Customer due diligence may try to uncover and counter money laundering patterns such as layering and structuring, also known as “smurfing”—the breaking up of large money laundering transactions into smaller ones to dodge reporting limits. Financial institutions have instituted AML holding periods, forcing deposits to remain in an account for a minimum of days before they can be transferred elsewhere.

Anti Money Laundering and Cryptocurrency

Cryptocurrency has drawn increasing attention among anti-money laundering professionals. Virtual coins provide more anonymity to users, presenting criminals with a convenient solution to move funds that is on the rise. According to cryptocurrency tracing firm Chainalysis, addresses connected to illicit activity sent nearly $23.8 billion worth of cryptocurrency in 2022, up 68% from 2021.

In the U.S., under the Anti-Money Laundering Act of 2020, virtual currencies are legally required to comply with financial screening regulations that apply to fiat currencies and tangible assets. Businesses that exchange or transmit virtual currencies qualify as regulated entities and must register with FinCEN, adhere to AML and combating the financing of terrorism (CFT) laws, and report suspicious customer information to regulators.

More stringent rules around virtual currency transmission are expected to be introduced, including those that would ask companies to intervene in money laundering facilitated by cryptocurrency products. Recent steps include an IRS proposal and European bills for brokers, platforms, and processors to report digital asset transactions and trades to law enforcement and tax authorities.

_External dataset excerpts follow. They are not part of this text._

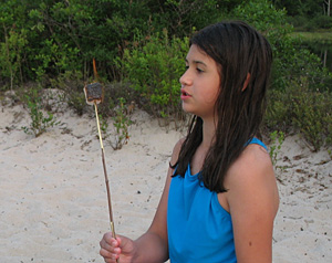 We eventually dragged the kids out of the water for dinner. And then dads built a small campfire afterwards and asked the kids if they wanted to toast marshmallows. As usual, the kids definition of “toasting” meant lighting marshmallows on fire. I can’t say how many times I’ve tried to show the girls how to get the marshmallows golden brown but they don’t care. They want them hot any way they can get them – and as soon as possible.
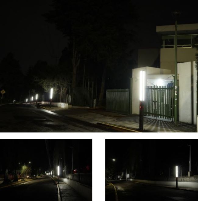 Se trata de luminarias tipo vela de 2.80 metros de altura, de acero galvanizado, resistentes, y aptas para la iluminación de senderos peatonales instaladas en toda la periferia del campus universitario.
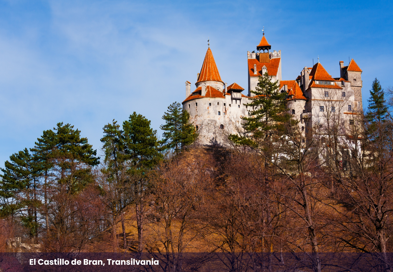 Visita el Castillo de Bran, conocido como el "Castillo de Drácula", rodeado de follaje otoñal.
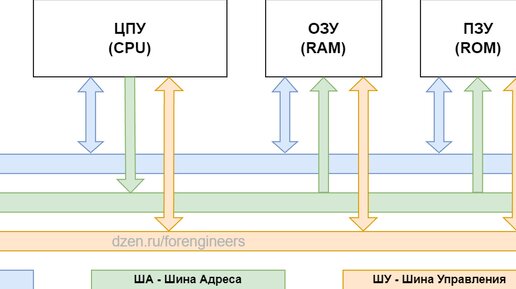 В самых-самых общих чертах я уже рассказывал о том, что такое микропроцессорная система. Сегодня копнём чуть глубже (но тоже не очень глубоко))). Основные части микропроцессорной системы (приведены как английские, так и русские названия, которые придуманы ещё в СССР): Всё это объединяется в одну микропроцессорную систему с помощью шин. Шина - это набор параллельных проводников (хотя иногда и каналы последовательной передачи данных тоже называют шинами), по которым передаётся цифровой сигнал. Эти проводники называются линиями шины...
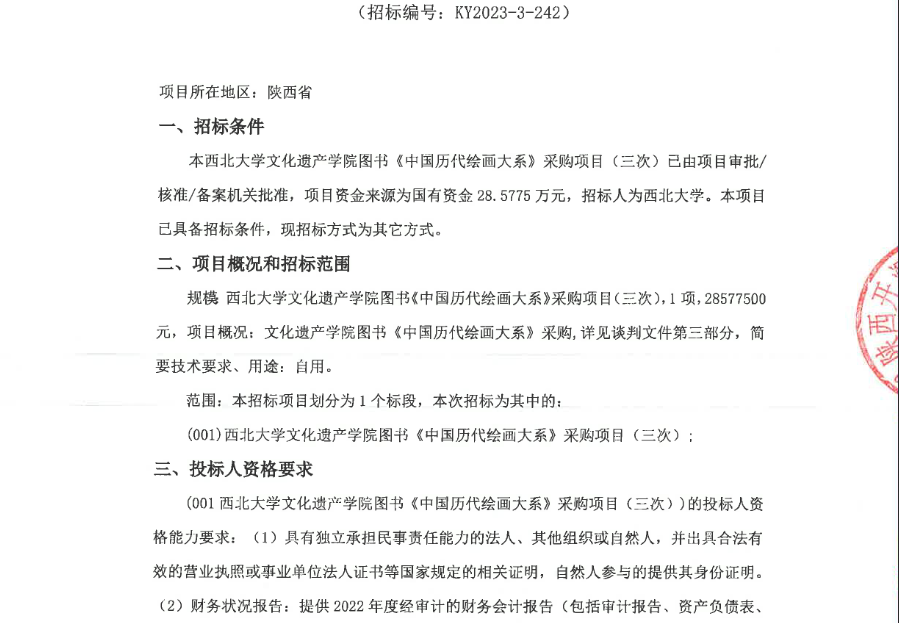开云手机网页版登录入口文化遗产学院图书《中国历代绘画大系》采购项目(三次)竞争性谈判公告 作者: 编辑:采购与招标办公室 时间:2023-10-17 原公告链接:http://bulletin.sntba.com/biddingBulletin/2023-10-17/734748.html

Crypto services will employ forensic tools like Chainalysis, Elliptic, and TRM Labs to flag transfers to notable and blacklisted wallets in real-time. Addresses subject to earmarking are tied to designated terrorist organizations, sanctions lists, political groups, government actors, and organized crime such as hacking, scams, and contraband trafficking.

Some AML requirements apply to individuals. By law, U.S. residents must report receipts of multiple related payments totaling more than $10,000 to the Internal Revenue Service on the IRS Form 8300.

How Is Money Laundered?

Money launderers often funnel illicit funds through associates’ cash-generating businesses, inflate invoices issued through shell companies, pool transactions together, divide them up into smaller amounts, and cycle them back and forth between sources.

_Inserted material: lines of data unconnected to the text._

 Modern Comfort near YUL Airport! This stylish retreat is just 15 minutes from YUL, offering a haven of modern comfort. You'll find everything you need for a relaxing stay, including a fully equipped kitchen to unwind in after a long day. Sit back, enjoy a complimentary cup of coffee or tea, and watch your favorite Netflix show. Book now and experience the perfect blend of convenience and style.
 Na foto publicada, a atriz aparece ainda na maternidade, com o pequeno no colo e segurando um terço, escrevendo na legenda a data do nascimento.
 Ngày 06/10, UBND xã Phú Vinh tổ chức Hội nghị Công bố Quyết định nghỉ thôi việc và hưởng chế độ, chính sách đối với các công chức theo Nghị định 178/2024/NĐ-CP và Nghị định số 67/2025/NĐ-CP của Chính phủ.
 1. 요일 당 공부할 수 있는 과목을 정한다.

What’s the Difference Between AML, CDD, and KYC?

Anti-money laundering (AML) refers to legally recognized rules for preventing money laundering. Customer due diligence (CDD) refers to practices financial institutions implement to detect and report AML violations. Know your client (KYC) is the application of a component of CDD that involves screening and verifying prospective clients.

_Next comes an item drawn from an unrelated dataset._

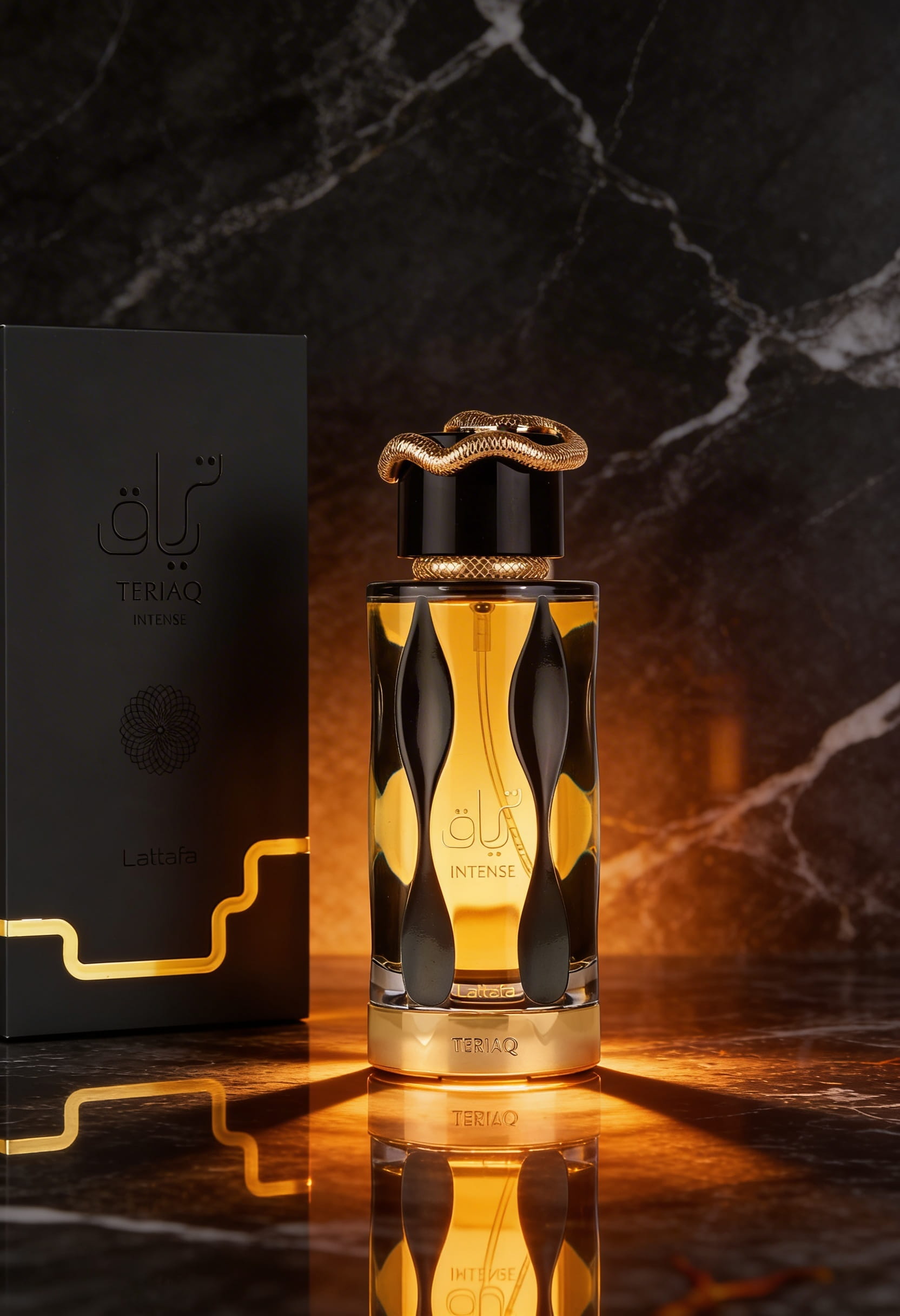 Teriaq Intense by Lattafa Perfumes is a Oriental Spicy fragrance for women and men. This is a new fragrance. Teriaq Intense was launched in 2024. The nose behind this fragrance is Quentin Bisch. Top notes are Saffron and Bergamot; middle notes are Plum Liquor and Cinnamon; base notes are Amber, Tonka Bean and Benzoin.
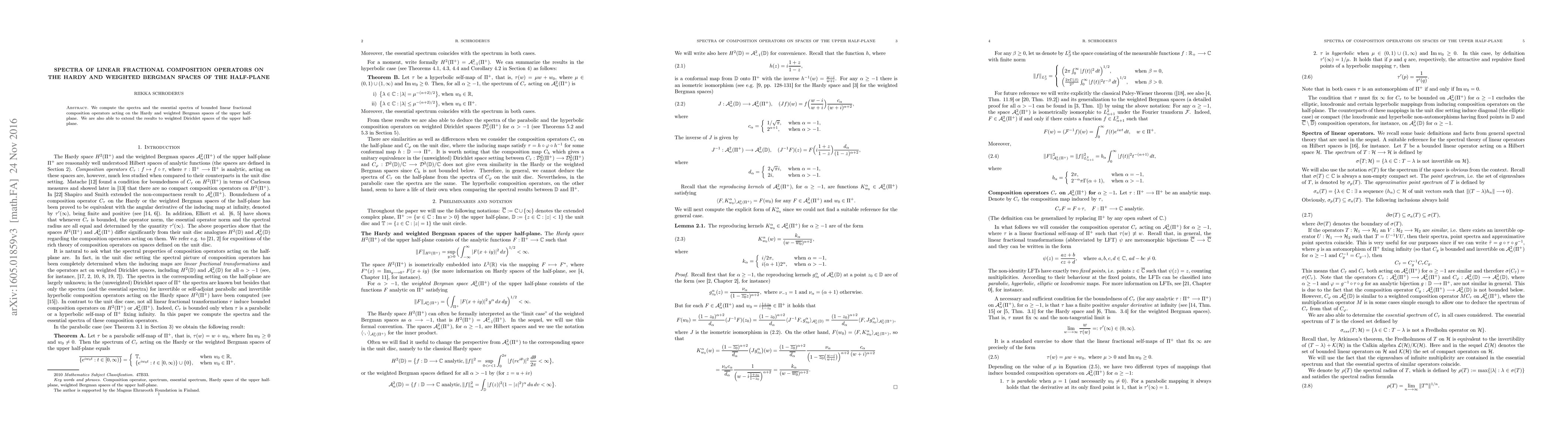 Summary: This paper computes the spectra and essential spectra of linear fractional composition operators on Hardy and weighted Bergman spaces of the upper half-plane, extending the findings to weighted Dirichlet spaces. The results provide insights into the operator's behavior in these function spaces.

Can Money Laundering Be Stopped?

Given estimated annual flows approaching 3% of global economic output, increasingly aggressive AML enforcement can at best, aim to contain money laundering rather than stop it entirely. Money launderers never seem to run short of money or accomplices, though AML measures certainly make their lives harder.

The Bottom Line

Governments have evolved their approach to money laundering deterrence by establishing and revising regulatory controls that elicit proactive participation from financial institutions.